Riminszky fühlt sich hin und her gerissen zwischen seinem schlechten Gewissen Elisabeth gegenüber und seiner Verliebtheit in Antschurka. Die Liebe siegt und der Hochzeitstag wird anberaumt.
Irgendwie fühlt er sich aber die ganze Zeit beobachtet und verfolgt, bis es am Tag vor der Hochzeit zu einer folgenschweren Begegnung mit Elisabeth kommt, die als mittelalterliche scharlachrote Gestalt in einer Schenke hinter ihm steht. Sie ist gekommen, um nun mit ihm abzurechnen.
Sie erzählt, dass sie damals Kavaczky zum Selbstmord gedrängt habe (oder war es Giftmord?), als Sühne für den Tod ihres Geliebten. Nun sei er, Riminszky an der Reihe. Am nächsten Morgen findet man ihn tot in seiner Kutsche.
Von diesem Tag an sieht man immer wieder eine scharlachrote Gestalt auftauchen, zuweilen hört man aus der Burg Harfenklänge – obwohl die Burg doch längst leer und verlassen ist.
In Topperz, Antschurkas Heimatdorf taucht aber doch, denn die Geschichte muss ja einen guten Schluss haben, der verschollene Vater Prihoda auf, der seine Tochter nun mit auf eine Weltreise nimmt.

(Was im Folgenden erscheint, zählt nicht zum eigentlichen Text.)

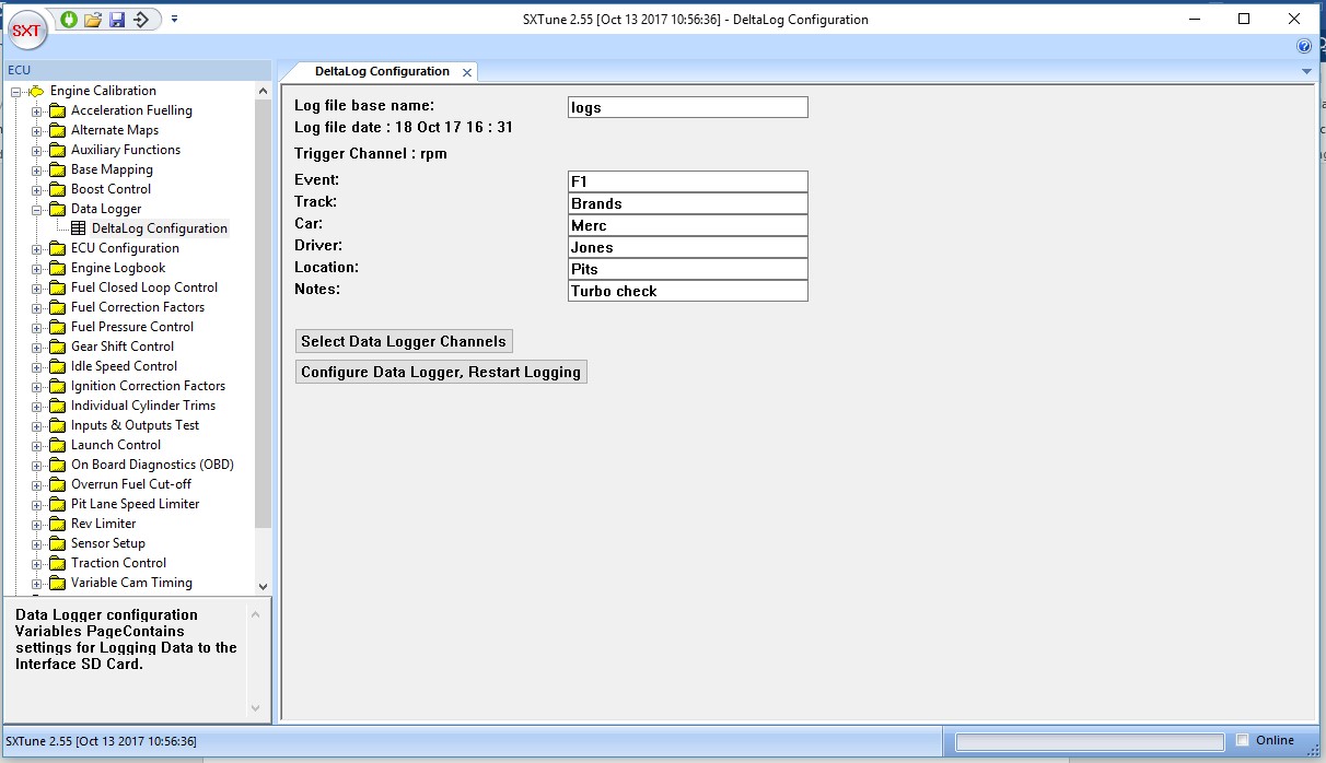 1. Install the latest version of SXTune. Make sure you are logged in as administrator and have the latest windows updates installed before installing SXTune. Connect the logger to a USB port on your computer (you do not need an ECU connected). Open SXTune and in the menu, on the left, open the Engine Calibration group and then choose the Data Logger sub menu, double clicking DeltaLog Configuration.

Bald schon erfahren die Dorfbewohner, dass sie an der Riviera einen jungen Herrn aus Lublau, Gábor Angyalffy, geheiratet hat. Der Erzähler weiß, dass sie glücklich mit ihrem Mann in einer großen Kinderschar lebt. Immer wieder wird allerdings ein rotes Gespenst gesehen und die Legende behauptet, dass dieses niemand anderer als Elisabeth Warth sei – obwohl die doch längst gestorben ist. „Wer kennt sich aber schon bei Legenden aus“? fragt der Autor am Ende.